## How to complete this task
Set down every line from the one with "The Scrunch-D Shoulder" to the end of the entries, both ends included, exactly as it reads and without pictures.

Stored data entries
▼

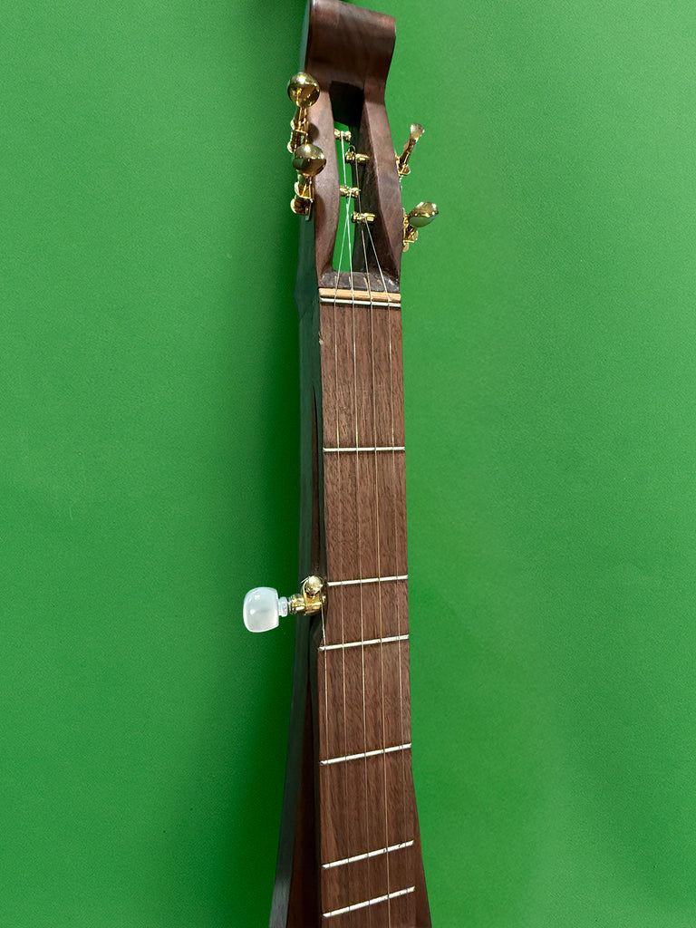 The Banjomer is made of solid walnut. We select choice boards with wood grains that we bookmatch to encircle the drum head on the top. The top, sides and back all have bookmatched wood grains. It has four Grover gold-plated "Sta-tite" tuning machines with a gear ratio of 14:1 for microfine tuning, and one Grover in-line planetary geared tuning peg.
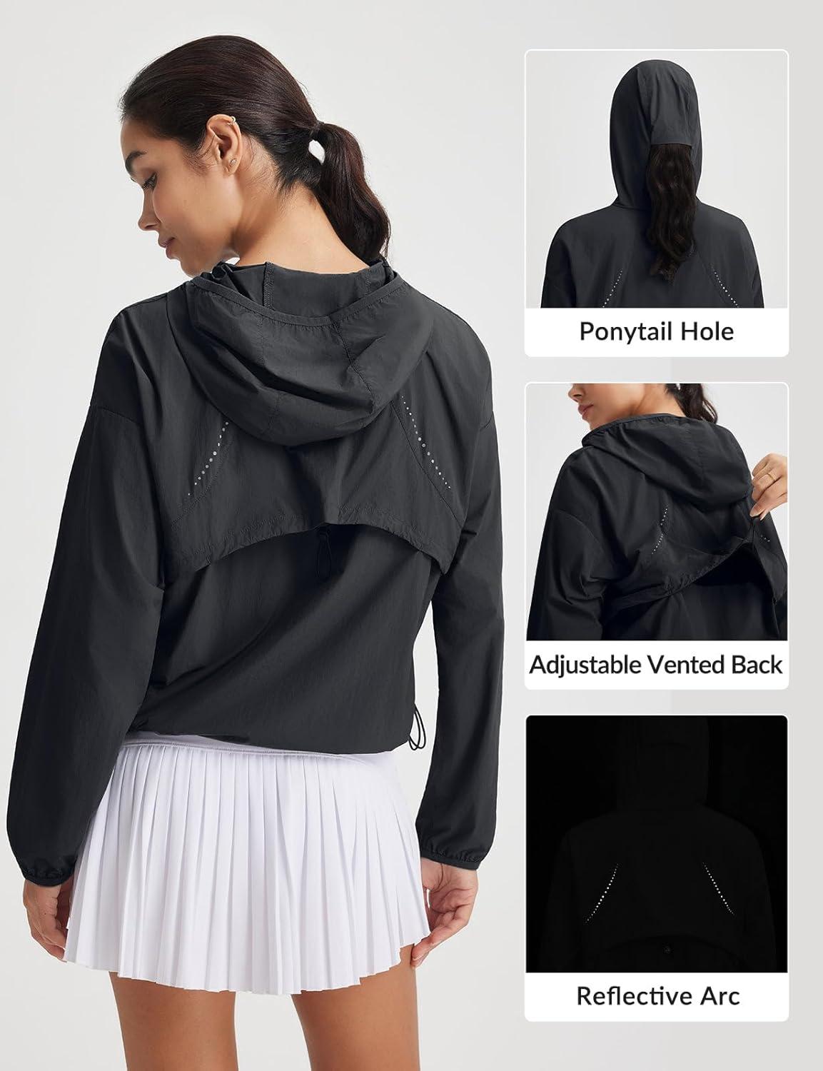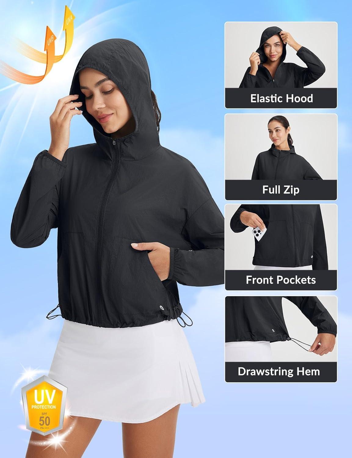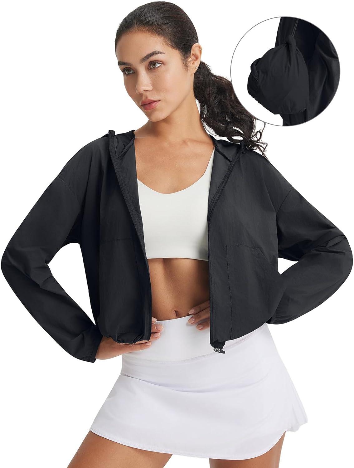 imagebaleaf Womens Sun Jackets Lightweight Packable Long Sleeve Hoodie Zip Up UPF 50 Crop Shirts Water Resistant Tops WorkoutBlack
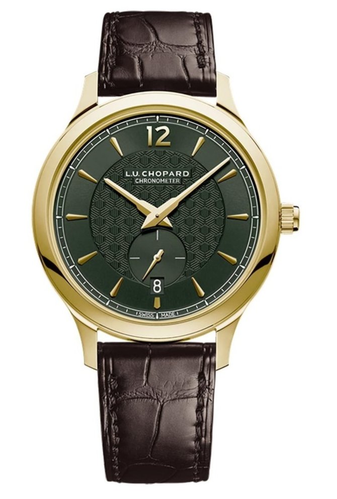 Компания Chopard представила новые часы - LUC XPS 1860 Officer ref: 161242-0001. Исключительно изысканный циферблат с ручным гилешированием и открывающаяся такая же гильошированная задняя крышка офицерского типа скрывают ультратонкий механизм LUC 96.01-L, толщиной 3,30 мм. Модель LUC XPS 1860 Officer оснащена мануфактурным калибром Chopard, представленным в 1997 году. Эти часы ограниченной серии из 50 экземпляров с корпусом, диаметром 40 мм, из 18-каратного желтого золота и обрамлением зеленого циферблата сертифицированы хронометром и отмечены знаком качества Poinçon de Genève. Водонепроницаемость корпуса - 30 метров.
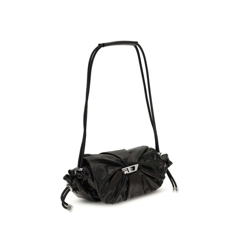 The Scrunch-D Shoulder Bag by Diesel is a modern and practical accessory. Featuring two round handles, it offers a front closure with a magnetic flap for easy access to its contents. The brand’s iconic appliquéd logo on the front adds a distinctive touch, while the interior zippered pocket offers more organization. Perfect for those seeking a functional and trendy design, this bag combines style and practicality in a stylish way.
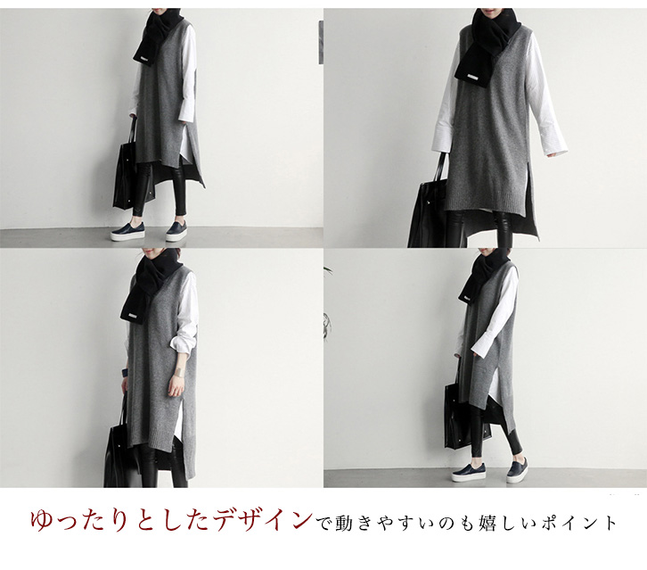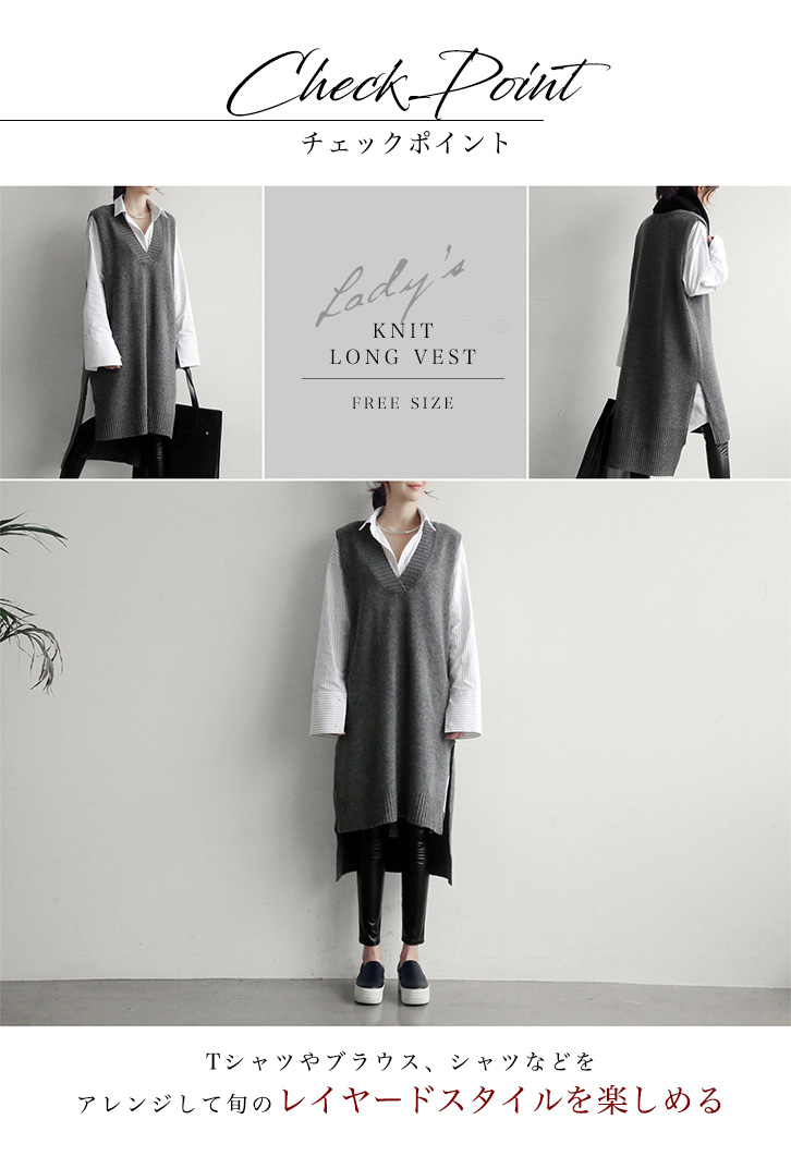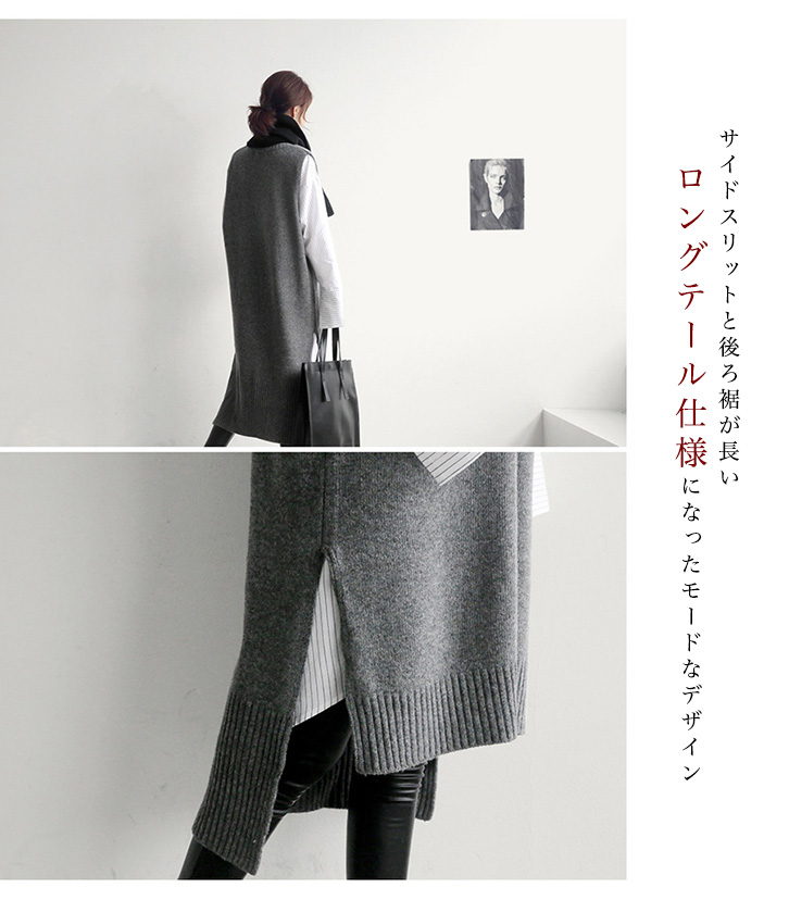 ベスト ニット レディース ロングニットベスト ロング丈 シンプル カジュアル フリーサイズ グレー ブラック 着回し抜群 アレンジ自在 重ね着 レイヤードスタイル サイドスリット ロングテール仕様 モード 大人カジュアル ゆったり

▲

## Output for this exercise
 The Scrunch-D Shoulder Bag by Diesel is a modern and practical accessory. Featuring two round handles, it offers a front closure with a magnetic flap for easy access to its contents. The brand’s iconic appliquéd logo on the front adds a distinctive touch, while the interior zippered pocket offers more organization. Perfect for those seeking a functional and trendy design, this bag combines style and practicality in a stylish way.
 ベスト ニット レディース ロングニットベスト ロング丈 シンプル カジュアル フリーサイズ グレー ブラック 着回し抜群 アレンジ自在 重ね着 レイヤードスタイル サイドスリット ロングテール仕様 モード 大人カジュアル ゆったり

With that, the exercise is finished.